Signed-off-by: Patrick Steinhardt <ps@pks.im>
Signed-off-by: Junio C Hamano <gitster@pobox.com>
---
 csum-file.c | 1 +
 1 file changed, 1 insertion(+)

(limited to 'csum-file.c')

diff --git a/csum-file.c b/csum-file.c
index c203ebf11b..c14bacc7f9 100644
--- a/csum-file.c
+++ b/csum-file.c
@@ -9,6 +9,7 @@
  */
 
 #define USE_THE_REPOSITORY_VARIABLE
+#define DISABLE_SIGN_COMPARE_WARNINGS
 
 #include "git-compat-util.h"
 #include "progress.h"
-- 
cgit v1.3-5-g9baa


From ba8f6018b5bed4fc58f8dfe2f9714d22398b06fe Mon Sep 17 00:00:00 2001
From: Junio C Hamano <gitster@pobox.com>
Date: Fri, 6 Dec 2024 11:27:22 +0100
Subject: csum-file: fix -Wsign-compare warning on 32-bit platform

On 32-bit platforms, ssize_t may be "int" while size_t may be
"unsigned int".  At times we compare the number of bytes we read
stored in a ssize_t variable with "unsigned int", but that is done
after we check that we did not get an error return (which is
negative---and that is the whole reason why we used ssize_t and not
size_t), so these comparisons are safe.

But compilers may not realize that.  Cast these to size_t to work
around the false positives.  On platforms with size_t/ssize_t wider
than a normal int, this won't be an issue.
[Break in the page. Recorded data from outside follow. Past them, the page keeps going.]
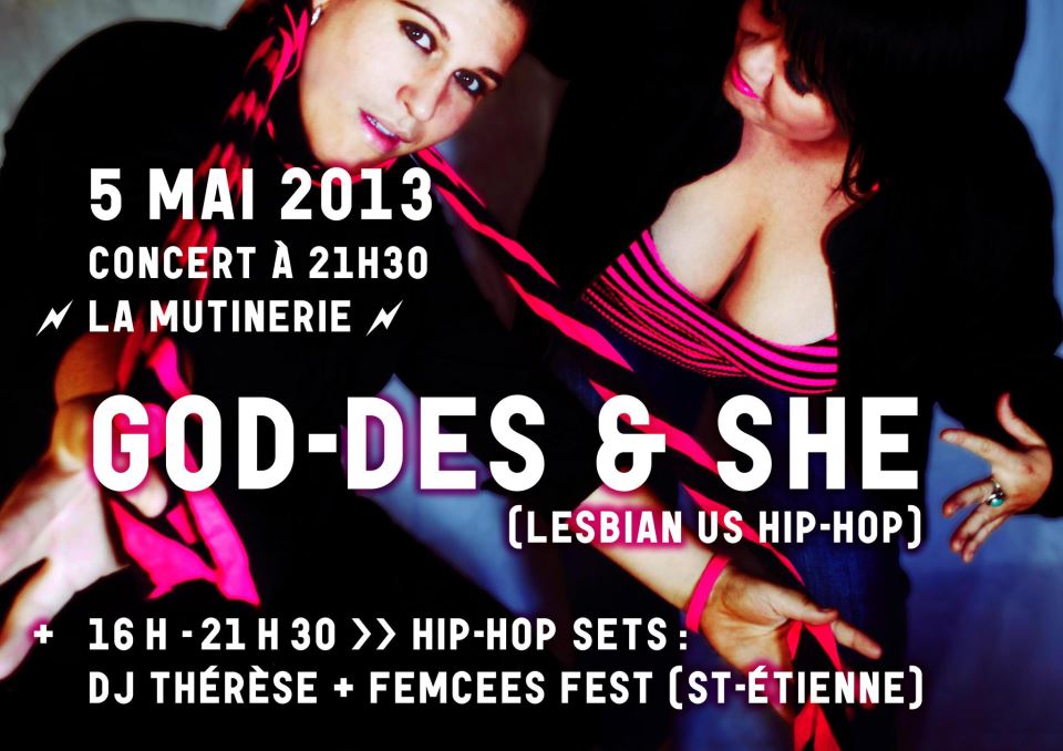 God-des & She est un duo lesbien américain de hip hop. Basé à New York, il se produit sur scène depuis 2004 et est connu pour son son qui tue et ses textes crus. Elles ont joué dans le monde entier et ont partagé la scène avec Lady Gaga, Salt n’ Pepa, SIA, ...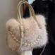 Sac à main duveteux tendance 2025, petit carré, mignon, en peluche perle, bandoulière pour femme.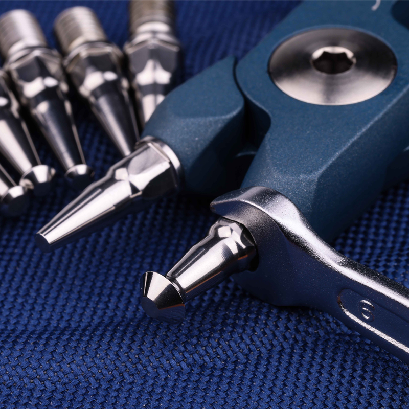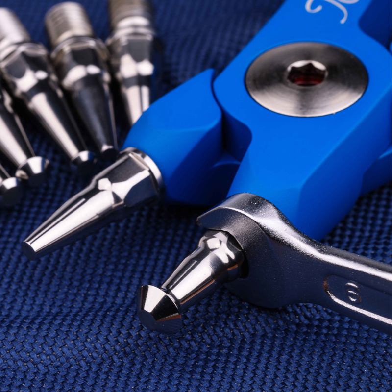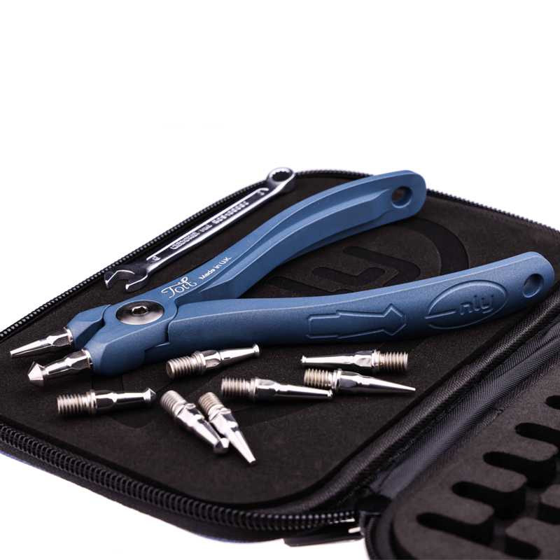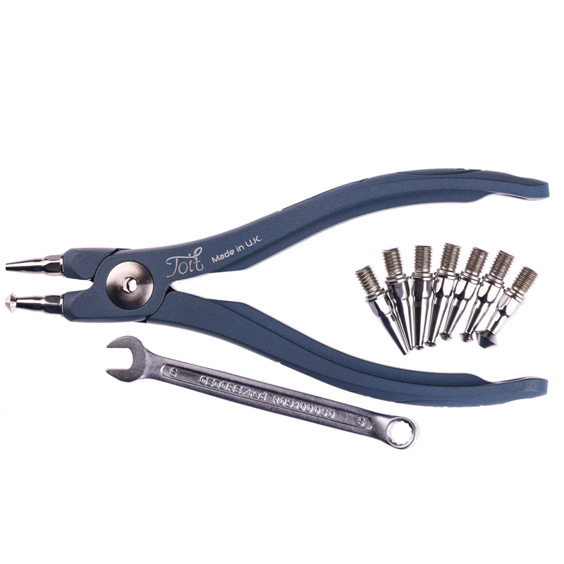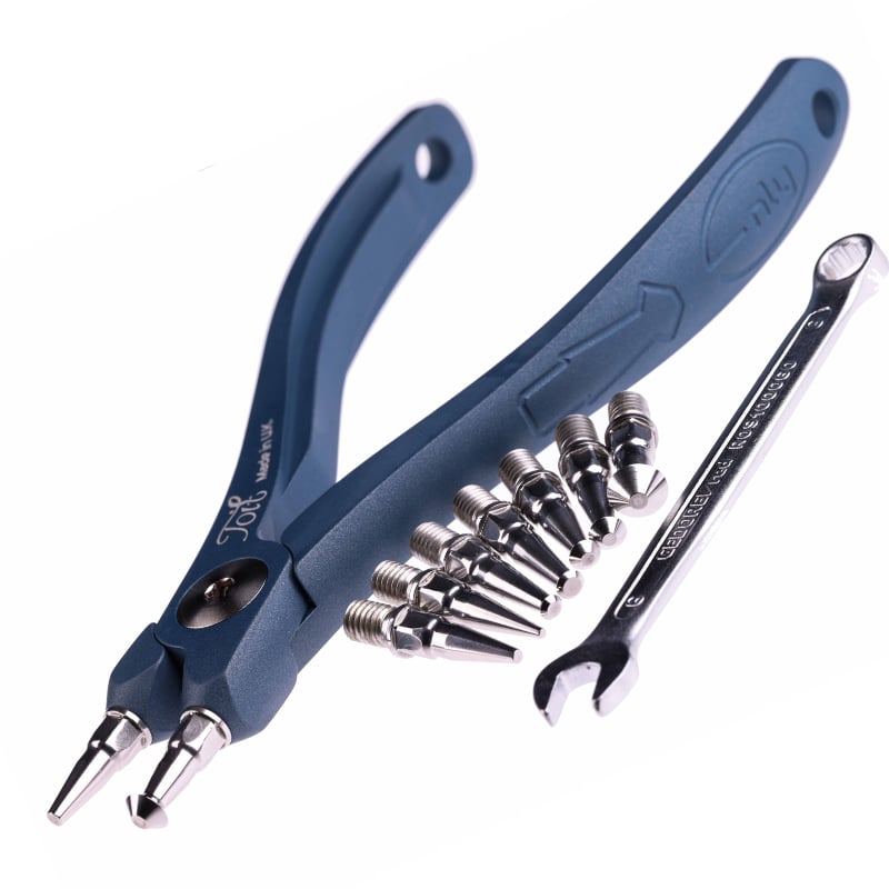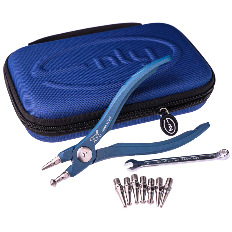Modular Split Ring Pliers Kit. Capable of opening size #1 – #12 Split Ring. 5-Axis CNC Technology, machined from Billet 6082 T6 Alluminium. Ceramic-Polymer Technology Coating, Prussian Colour Cerakote. Supplied with 9 X 440C Stainless Steel heat treated Inserts. Includes a 6mm Chrome Vanadium Gedore spanner. Including a Blue Polyester Thermoformed Molded outer Case with a EVA insert in both the lid and the base.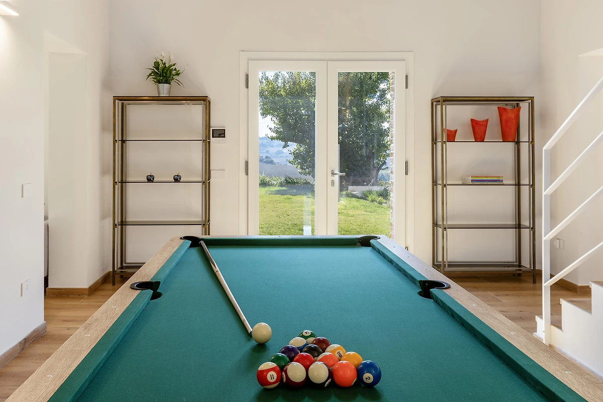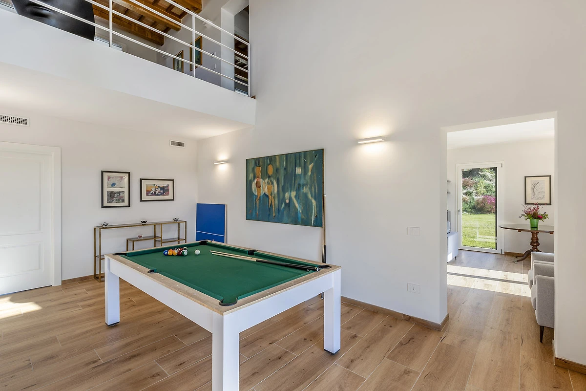 - una sala biliardo con scala interna che conduce al primo piano e accesso diretto al giardino;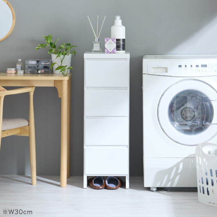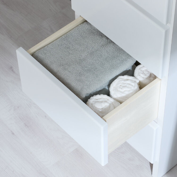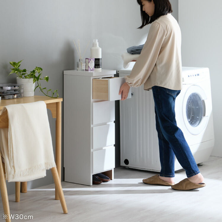 ランドリー収納 完成品 国産 幅35cm 薄型 ロータイプ 収納 隙間収納 ランドリーラック ストッパー付き引き出し オープン棚板 耐震ダボ チェスト 省スペース 隙間 大川家具(代引不可)

Signed-off-by: Junio C Hamano <gitster@pobox.com>
Signed-off-by: Patrick Steinhardt <ps@pks.im>
Signed-off-by: Junio C Hamano <gitster@pobox.com>
---
 csum-file.c | 3 +--
 1 file changed, 1 insertion(+), 2 deletions(-)

(limited to 'csum-file.c')

diff --git a/csum-file.c b/csum-file.c
index c14bacc7f9..5716016e12 100644
--- a/csum-file.c
+++ b/csum-file.c
@@ -9,7 +9,6 @@
  */
 
 #define USE_THE_REPOSITORY_VARIABLE
-#define DISABLE_SIGN_COMPARE_WARNINGS
 
 #include "git-compat-util.h"
 #include "progress.h"
@@ -24,7 +23,7 @@ static void verify_buffer_or_die(struct hashfile *f,
 
 	if (ret < 0)
 		die_errno("%s: sha1 file read error", f->name);
-	if (ret != count)
+	if ((size_t)ret != count)
 		die("%s: sha1 file truncated", f->name);
 	if (memcmp(buf, f->check_buffer, count))
 		die("sha1 file '%s' validation error", f->name);
-- 
cgit v1.3-5-g9baa


From 48524fac643afd7ec70d43684902598ad6d5b954 Mon Sep 17 00:00:00 2001
From: Taylor Blau <me@ttaylorr.com>
Date: Thu, 23 Jan 2025 12:34:23 -0500
Subject: csum-file: store the hash algorithm as a struct field

Throughout the hashfile API, we rely on a reference to 'the_hash_algo',
and call its _unsafe function variants directly.

Prepare for a future change where we may use a different 'git_hash_algo'
pointer (instead of just relying on 'the_hash_algo' throughout) by
making the 'git_hash_algo' pointer a member of the 'hashfile' structure
itself.

Signed-off-by: Taylor Blau <me@ttaylorr.com>
Signed-off-by: Junio C Hamano <gitster@pobox.com>
---
 csum-file.c | 20 +++++++++++---------
 csum-file.h |  1 +
 2 files changed, 12 insertions(+), 9 deletions(-)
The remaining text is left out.